Shop, Save, Celebrate
by Frances Rahaim, Ph.D.
aka "The Money Doctor"
Have you ever pushed a cart full of "must haves" to the cash register, and incredulously squawked to the cashier, "How much?"
Of course. We all have. But paying with plastic adds another level of danger to holiday shopping woes. It’s not the obvious high interest rates, and long payback timelines I’m referring to, but a much less talked about phenomenon that creeps up and bites us when the holidays are over.
Since you won't see the credit card bill until the new year, if you don’t keep a careful tally, you may find it difficult to pay in full. This short holiday shopping spree could take you years to pay off, or even cause late mortgage or other payments in some cases.

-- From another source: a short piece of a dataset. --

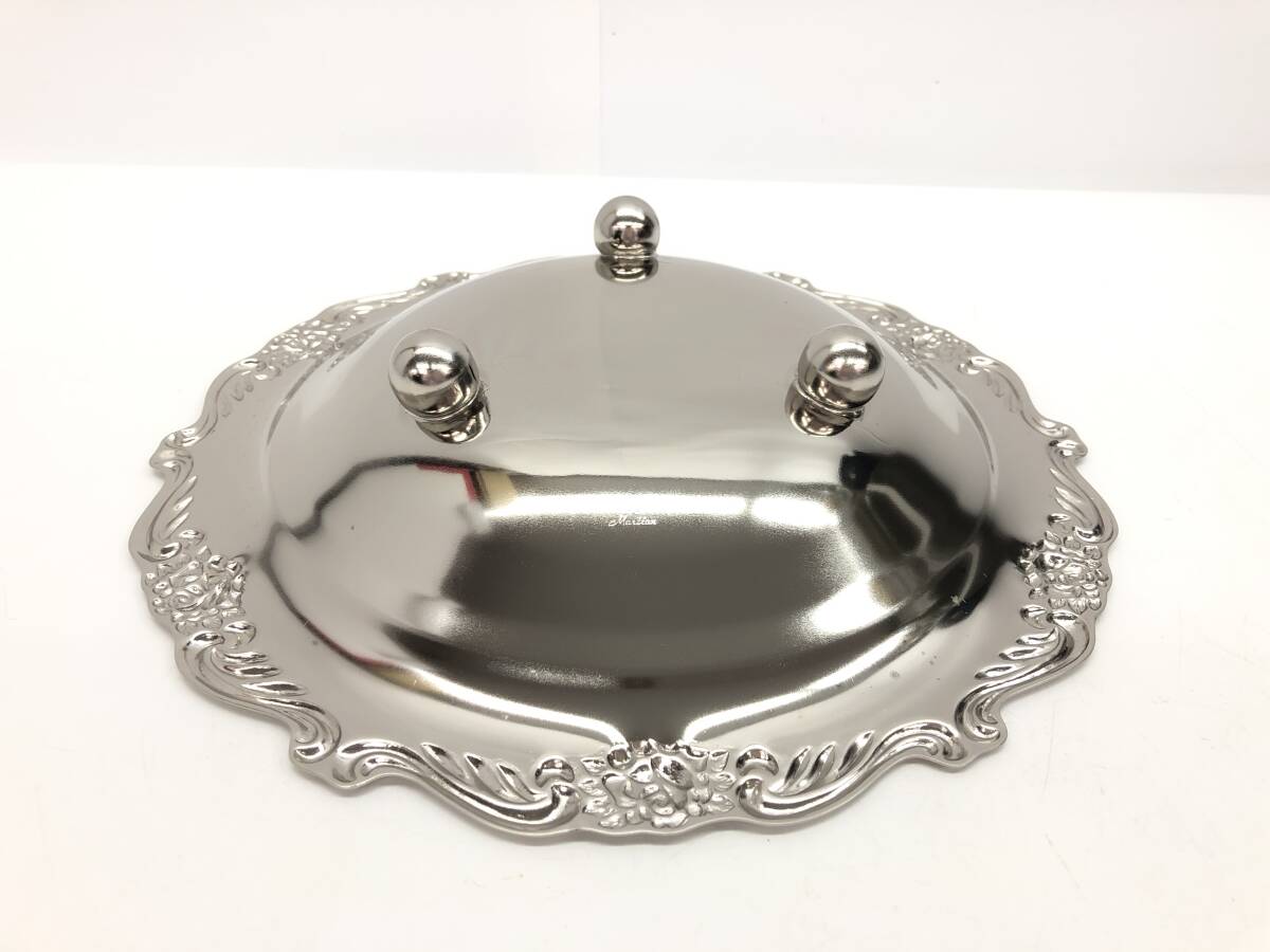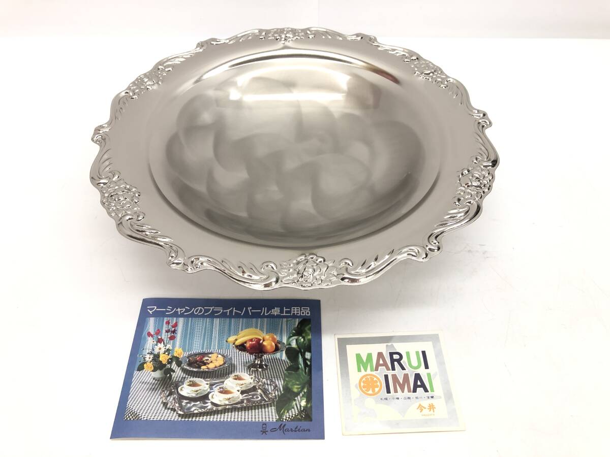 | 保管品 Martian マーシャン 丸形 三つ足 コンポート皿 ブライトパール仕上げ フルーツ皿 フルーツ盛皿 フルーツ置き 洋食器 直径26㎝ 栞付 |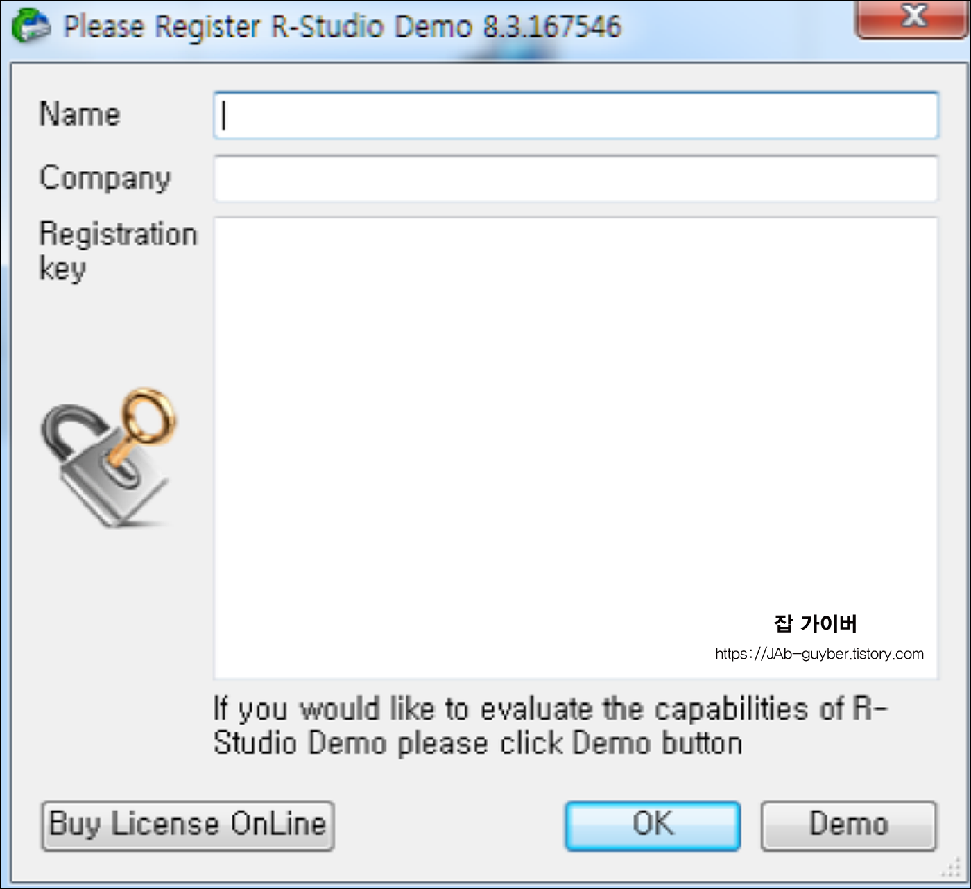 예전에는 이런 창에 임의의 키를 복사해 넣어 활성화하는 방식이 널리 공유되기도 했지만, 지금은 거의 모든 복구 프로그램이 온라인 검증을 강화한 상태라, 굳이 위험을 감수하면서까지 쓸 이유가 없습니다.

We all know this, but despite the fact, we don't seem to have a solution, and we do it year after year.
While I don't claim to have the only solution to the problem, I do have some helpful shopping tips that can be used year round.
1. Give it a ride in your cart. This is a bit like choosing a color in your home. You put a sample on the wall, and live with it before committing to painting the whole room. When you see an item that you just can't leave on the shelf in case someone else buys it, put it in your cart. BUT, reserve your buying decision until you are at the back of the store where there is no pressure on you, no line of customers pushing you through the check out, and no feeling of responsibility to the cashier to purchase. Now, at your leisure, take time to add up your potential purchases and began the sorting process in step two.
2. You MUST love it or leave it.
Time constraints, or The goal of getting something for everyone, can cause your cart to magically fill with items which may not really be what you want, but allow you to check off your list.
Ask yourself, "Do I really love this?” Or if it's a gift, "Am I genuinely satisfied with this choice, and will they love it?" If your answer is anything short of a resounding yes, put it back and try again.
3. Put yourself in the receiver shoes. Would you rather have a trinket you may never use, or perhaps some quality time spent with someone you care for, or a donation made in your name. It may sound trite, but time truly is our most valuable asset. Remember, it doesn't have to have a bow to be a gift.
4. Beware of impulse buys, and rationalizations. Your impulse buy antenna should go up when you see end caps, and checkout displays. This doesn't mean you shouldn't purchase these items, but refer back to step one.
5. Stick to the list. Somehow it seems easy for things you “Never knew you always wanted” to jump off the shelf and into your cart. Our shopping psychology justifies purchases sneakily. We tell ourselves "We deserve it, someone we love ‘needs’ it, or the easy-to-justify "It's for the home." We see these purchases as if they don’t count, but they still have to be paid for the long run.
5. Reality rules. Visualize taking cash out of your wallet to pay for each item. There's something very tangible and accountable about removing paper money vs plastic.
6. Conserve your cash. “They’ll keep it at the store for me.” This could be the conversation you have with yourself when you want an item, but don’t really need it yet. Try and leave below your means.
5. Shop small.
With gas prices at an all-time high, shopping locally makes more sense than ever. You help your community, and the people in it. And remember, your local shops are the same stores other people are traveling a distance to shop.
6. Of course no financial blog would be complete without telling you to pay your credit card bill in full if you decide to use one, but I am a realist, and know that when the holidays are done many people will have racked up credit card debt they cannot pay in full. If it happens to you, perhaps the new year is the right time to review your money management, and debt management plan. For now, I wish you happy decision-making, happy shopping, and happy, healthy holidays!